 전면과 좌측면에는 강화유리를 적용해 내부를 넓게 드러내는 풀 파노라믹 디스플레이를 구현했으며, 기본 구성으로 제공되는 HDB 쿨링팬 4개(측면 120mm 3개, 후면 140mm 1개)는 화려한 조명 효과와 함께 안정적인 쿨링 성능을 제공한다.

...

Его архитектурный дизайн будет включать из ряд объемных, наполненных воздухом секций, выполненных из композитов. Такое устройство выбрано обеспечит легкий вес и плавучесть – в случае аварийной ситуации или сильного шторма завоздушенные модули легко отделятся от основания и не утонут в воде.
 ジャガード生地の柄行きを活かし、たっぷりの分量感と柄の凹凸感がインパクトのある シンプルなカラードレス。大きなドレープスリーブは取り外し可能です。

▸ **What you will do**
The listing above holds a line with "Его архитектурный дизайн" and a line with "ジャガード生地の柄行きを活か". Print the stretch from the first through the second, exactly and alone.

▸ **Output for this task**
Его архитектурный дизайн будет включать из ряд объемных, наполненных воздухом секций, выполненных из композитов. Такое устройство выбрано обеспечит легкий вес и плавучесть – в случае аварийной ситуации или сильного шторма завоздушенные модули легко отделятся от основания и не утонут в воде.
 ジャガード生地の柄行きを活かし、たっぷりの分量感と柄の凹凸感がインパクトのある シンプルなカラードレス。大きなドレープスリーブは取り外し可能です。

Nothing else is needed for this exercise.